- Origin: Manchester, England
- Genres: Dance, soul
- Years active: Early 1990s
- Labels: Virgin, 10
- Past members: Eric Gooden Melanie Williams

= Temper Temper (duo) =

English musical duo

Temper Temper were an English musical duo active in the early 1990s whose members were songwriter/producer Eric Gooden (of Sweet Mercy) and singer Melanie Williams.

Gooden and Williams were previously known as the duo No Sovereign who released the single "Showdown" in 1987 on Geffen Records.

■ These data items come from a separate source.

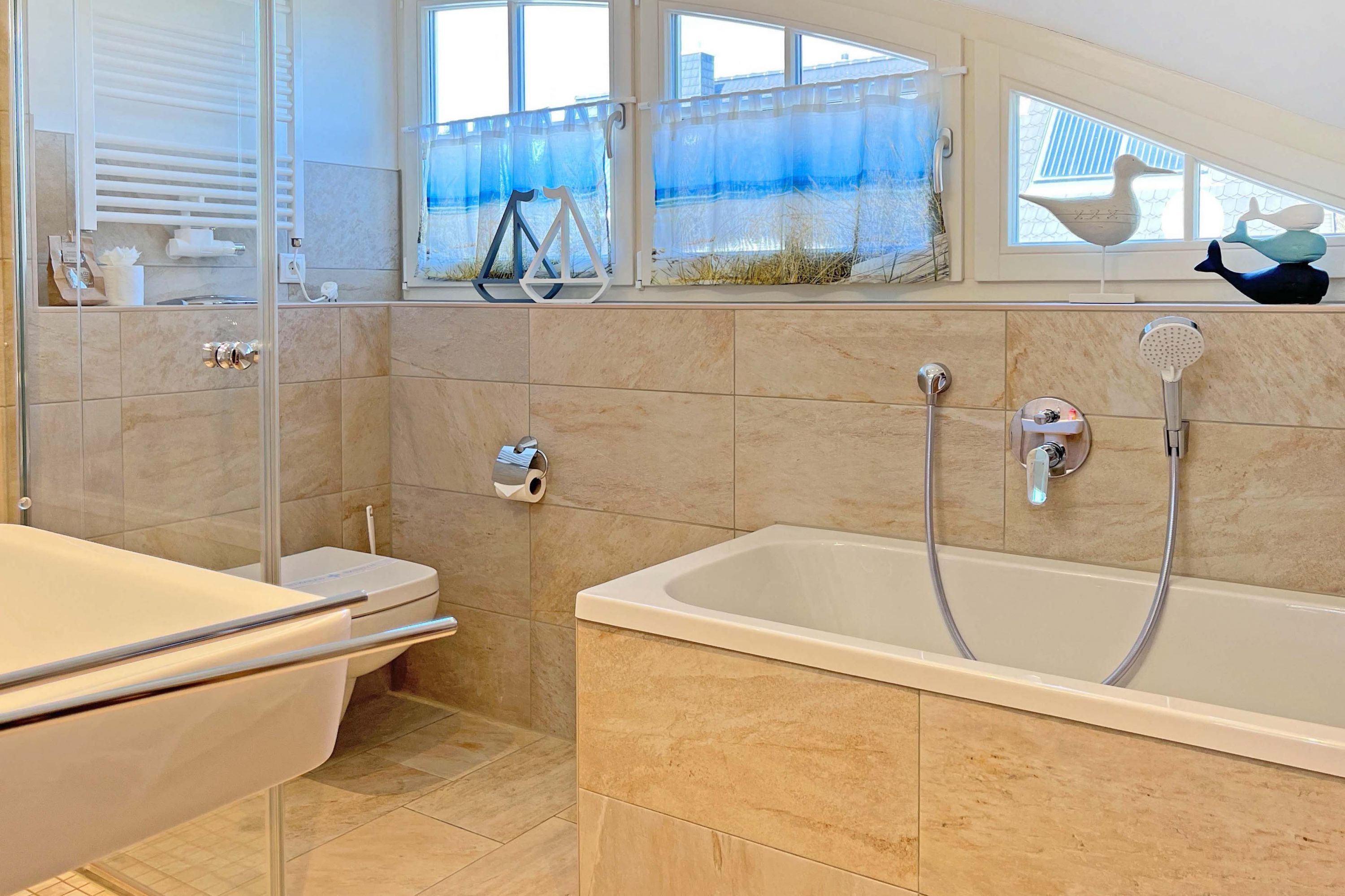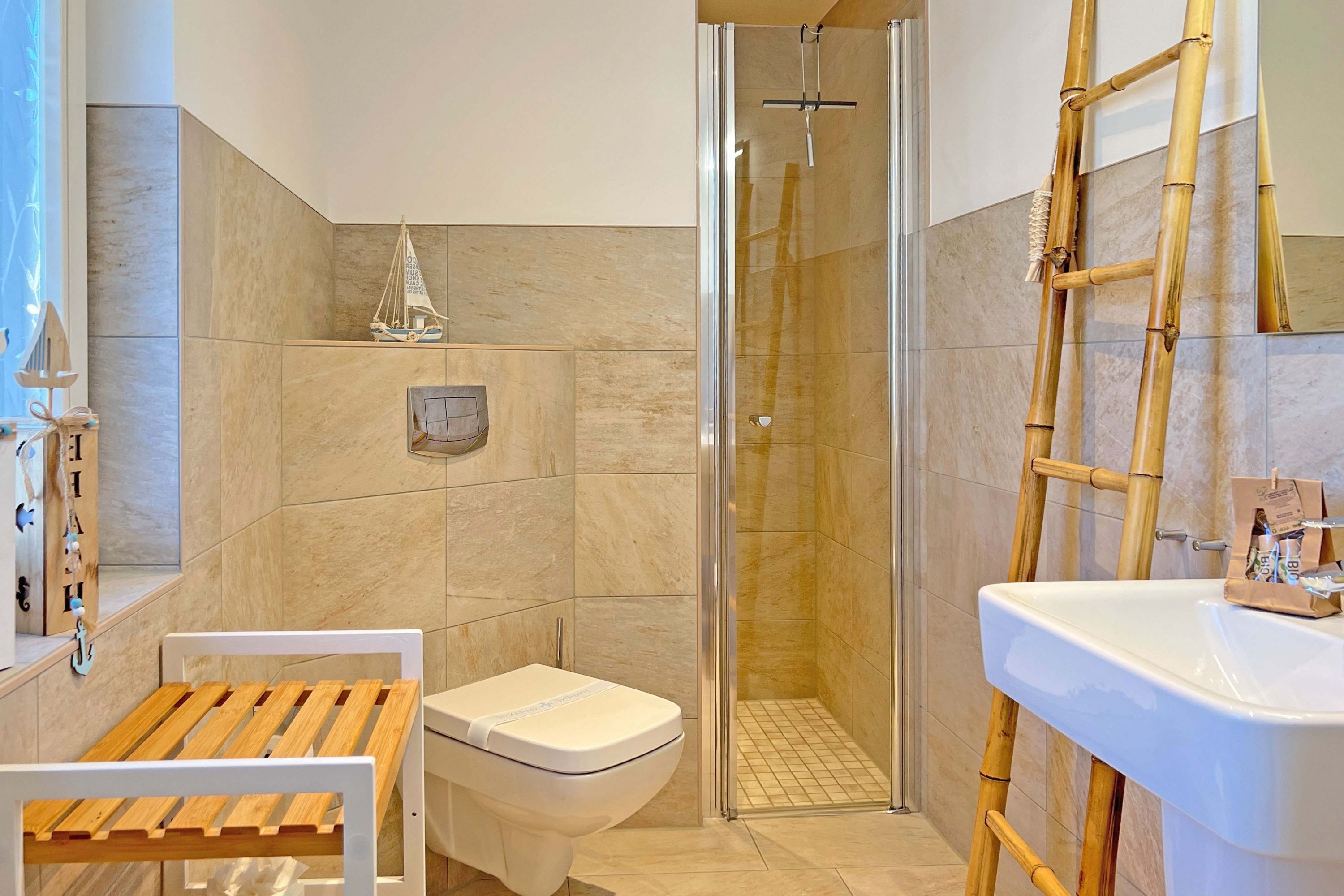 • Zwei Badezimmer: eines im Erdgeschoss mit Dusche, eines im Obergeschoss mit Dusche und Badewanne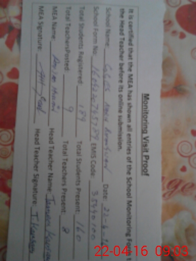 | Certified that this School was Inspected by the Undersigned MEA/DMO Today and the Information Stated Above is as Per Record. | |||||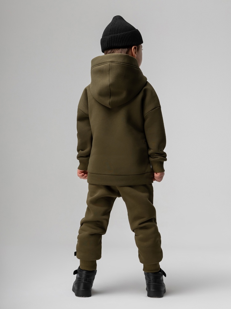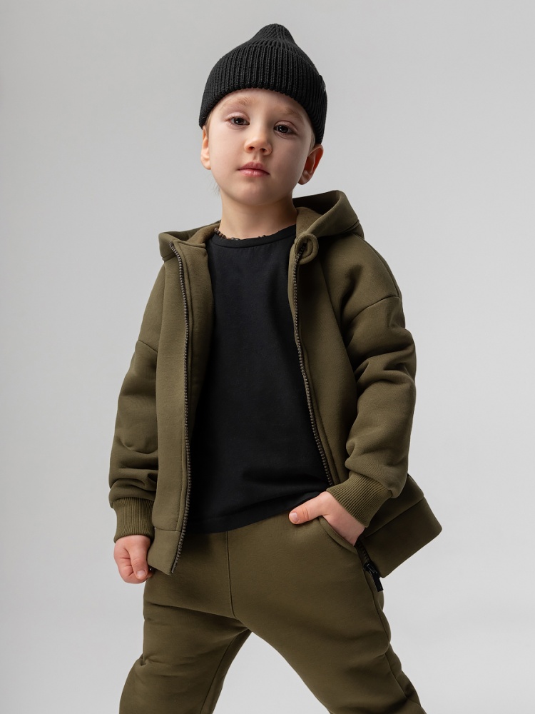 Материал футер трехнитка с начесом Состав 80% хлопок 20% полиэстер Костюм детский. Толстовка: свободный покрой, застежка - молния, рукава на манжетах, защитная планка на молнии, несъемный капюшон, прорезные карманы. Брюки- джоггеры, детали: пояс - эластичная резинка, низ изделия - манжеты, карманы с отрезным бочком. Состав: футер трехнитка с начесом 80% хлопок 20% полиэстер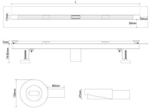- PROSTA INSTALACJA nóżki ułatwiające poziomowanie odpływu (regulacja wysokości pozwala na stabilny montaż do głębokości nawet 80 mm)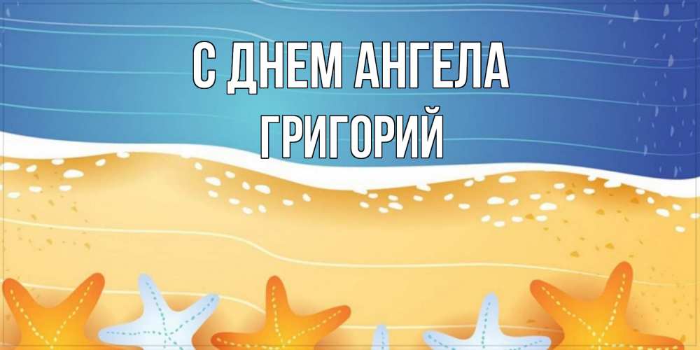 Открытка С днем Ангела Григорий. морской пляж и звезды и песок. красивая морская тема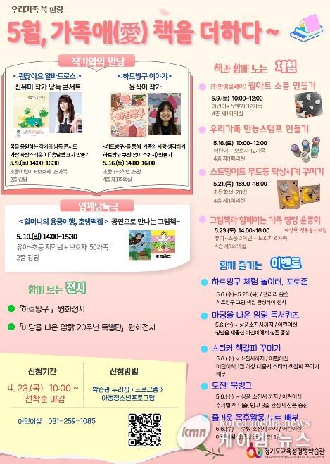 (케이엠뉴스) 경기도교육청평생학습관이 가족 사랑 실천과 가족 간 유대감 증진을 위해 가족 독서체험 행사인 䃵월, 가족애(愛) 책을 더하다’를 운영한다.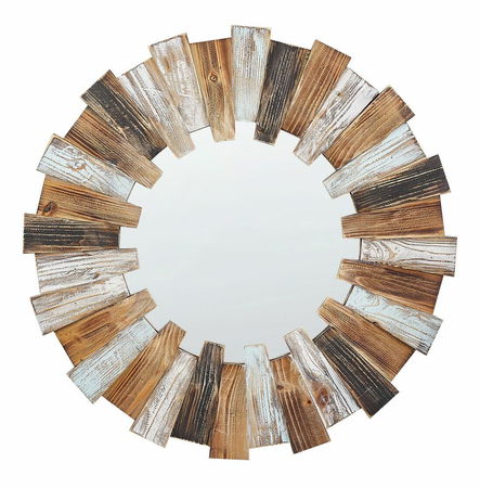 Váš interiér bude vyzerať výborne, ak ho zariadite štýlovým nábytkom a krásnym nástenným zrkadlom. Toto ručne vyrobené okrúhle zrkadlo má ozdobný rám vo farbe dreva, ktorý dopĺňajú čierne a biele detaily. Stane sa skvelým doplnkom obývacej izby alebo predsiene v rustikálnom alebo tradičnom štýle.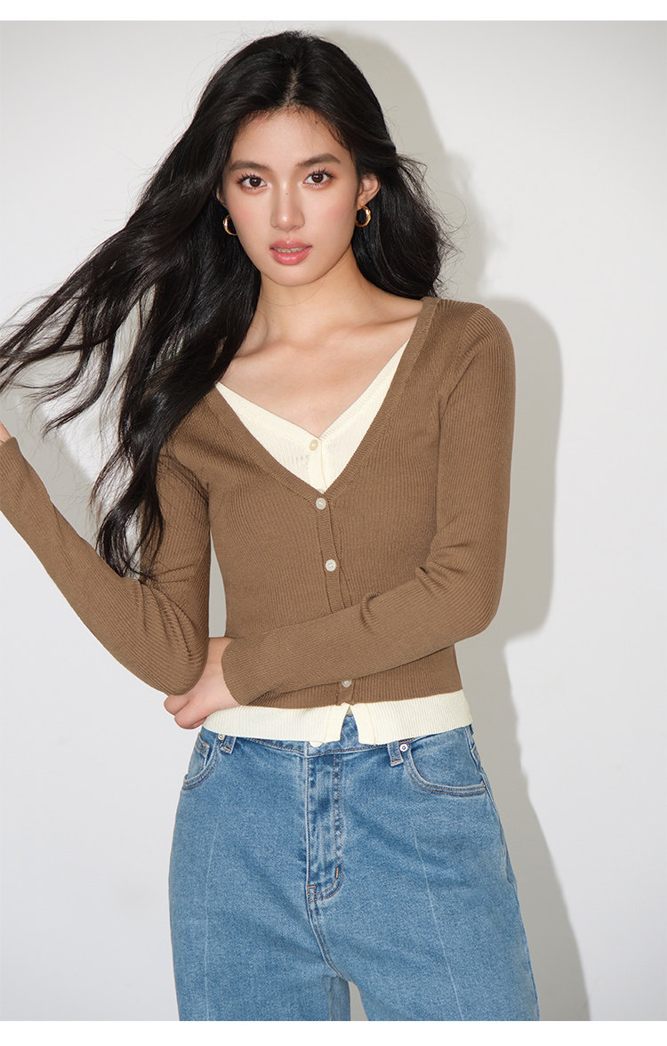 Комплект, трикотажный осенний дизайнерский кардиган, тренд сезона, облегающий крой

The duo released their only album, the self-titled Temper Temper in 1991. It contains the single "Talk Much" which briefly registered on the UK Singles Chart.

==After Temper Temper==
Gooden continued as a producer with his act Sweet Mercy (alongside Eric Powell) and continues to release material to the present day. The duo had two top 10 UK Dance hits in 1996 with "Happy Days" and "Into Your Heart", the latter under the name '6 by Six'.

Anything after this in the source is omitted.